You go to the myriads of car communities and systematically promote your content for Nurburgring. It’s a niche site, and by the OP’s description we can safely assume that it’s quite usable since he’s been already approached by a sponsor. And since this is a site about a specific car circuit you just go to the actual place, or make an arrangement with the organizers to promote your site. Give a leaflet, or build an accompanying mobile app.
I'm not saying that circumventing Google is the easiest thing in the world, or the cheapest, but it's not mission impossible either. I didn't find Hacker News from Google, not the dozens of other tech communities I'm following.
The existence of meatspace never stopped the early web from flourishing, so why should the existence of the modern web stop anybody from making a second web? The only reason that Google was useful is because it tapped into the trust network that already existed before it.
I feel like the social media churn has destroyed people's brains, because they're more interested in stopping people from doing things they don't like than doing something awesome themselves.

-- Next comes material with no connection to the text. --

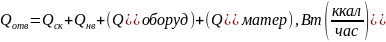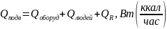 Тепло, отводимое из рабочего помещения, складывается из следующих составляющих:

Before people knew the web was vast and required digging through. Now people think google is the web, so if it doesn't come up by the third search it might as well not exist.
You're not wrong, but this is also a great acid test. We need to work to help people understand google is most definitely not the internet, and where we fail or don't get through leave them behind. I don't know what comes next, but there's not room for everyone, and I include many here (and likely myself) in those who won't make the transition. We love to imagine people physically leaving Earth for Mars and beyond, but what follows the internet is going to happen far sooner.
Start local. With actual people. Advertise with posters on utility poles (oh well they do not exist anymore in most places so replace with a suitable alternative and go to your local church/mosque/dance club/whatever relevant). I'm not saying this will work, but it is how it used to work.